# ThirtyTwo Prime Boots



## hon (Feb 24, 2012)

Anyone tried these boots? I could not find many reviews or comments about them on the web.

Thank you.


----------



## snowklinger (Aug 30, 2011)

The Prime is their top of the line super stiff free ride boot. For example

Burton Moto-noodle

32 Lashed - med/med soft flex

32 tm-two mid flex

Prime-stiff bomber.


----------



## hon (Feb 24, 2012)

Thanks snowklinger. I would like to know how users think about the heel-holding ability, effectiveness of the traditional lacing system and the strange looking boot warping plastic thingy, sizing, fit, etc...

Thank you.


----------



## I need a name (Mar 5, 2009)

Just go try a pair on. They feel different for everyone.

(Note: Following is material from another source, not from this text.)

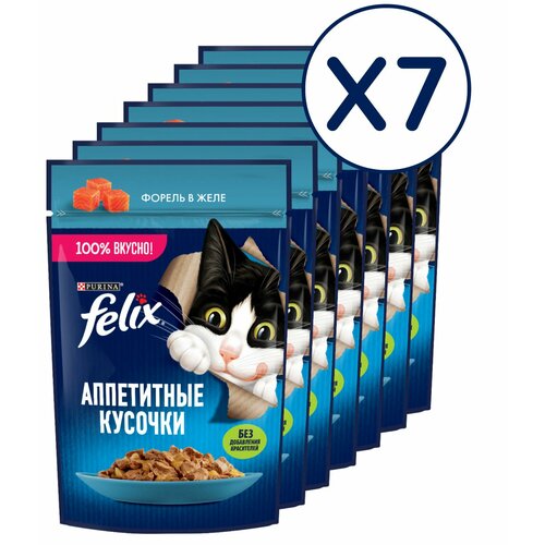 Корм Felix Аппетитные кусочки в желе с форелью 75г 7 шт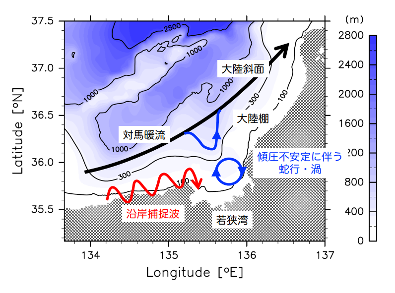 研究タイトル:「沿岸捕捉波」と「地形の影響を受けた傾圧不安定」による湾と外洋との海水交換 - 研究内容の概要文:

I picked up a pair earlier this year. They seem to be pretty true to shoe size. Great for freeriding. My only complaint is that they have a monstrous footprint.


----------



## hon (Feb 24, 2012)

Thank you INAN. It is not possible for me to try the boots or any boots as I live in Hong Kong. SB boots are almost non-existent. The only way for me to buy a pair is to order from web.

From the very few comments I read on the web, more than one time people complained that the lace portion nearest to the toes is very difficult to be tightened up. Someone even broke the front pair of lugs of plastic wrapper in doing so. Do you find this is the case? How is the heel holding capability? I and wearing a pair of Burton Driver X size 9 and found it is a tad too large. I have small heels. Heel-lifting is constantly bugging me.


----------



## I need a name (Mar 5, 2009)

hon said:


> Thank you INAN. It is not possible for me to try the boots or any boots as I live in Hong Kong. SB boots are almost non-existent. The only way for me to buy a pair is to order from web.
> 
> From the very few comments I read on the web, more than one time people complained that the lace portion nearest to the toes is very difficult to be tightened up. Someone even broke the front pair of lugs of plastic wrapper in doing so. Do you find this is the case? How is the heel holding capability? I and wearing a pair of Burton Driver X size 9 and found it is a tad too large. I have small heels. Heel-lifting is constantly bugging me.


Makes sense. Order from backcountry, their return policy is amazing.



AS I previously mentioned, they fit relatively true to size. I wear size 12 shoes and wear a size 12 prime. I should probably be wearing an 11.5 prime, but I use fairly large orthotics that take up a good amount of space. It can be difficult to tighten up, but I personally like the "powerwrap". It allows your toes to have a little bit more room by not keeping the toe box as tight. Heel hold is phenomenal. In the strange case that they don't hold your heels in place out of the box, stick the included jbars onto the liner and get them heat molded.

Also, I highly recommend pairing them up with a pair of Sole Ed Veisturs. Thirty Two's have decent footbeds, but they lack arch support and a deep heel cup. 


Overall, the prime is a great boot. It's supportive, comfortable, and responsive.


----------



## snowklinger (Aug 30, 2011)

I need a name said:


> Makes sense. Order from backcountry, their return policy is amazing.
> 
> 
> 
> ...


QFT.

32's heel hold is solid. When you get them, note the tab on the lower section of the INNER laces. When tighening this down, pull from the top of the lace and this tab at the same time, then release the lower tab to fully tighten. This really snugs up the whole system nicely.


----------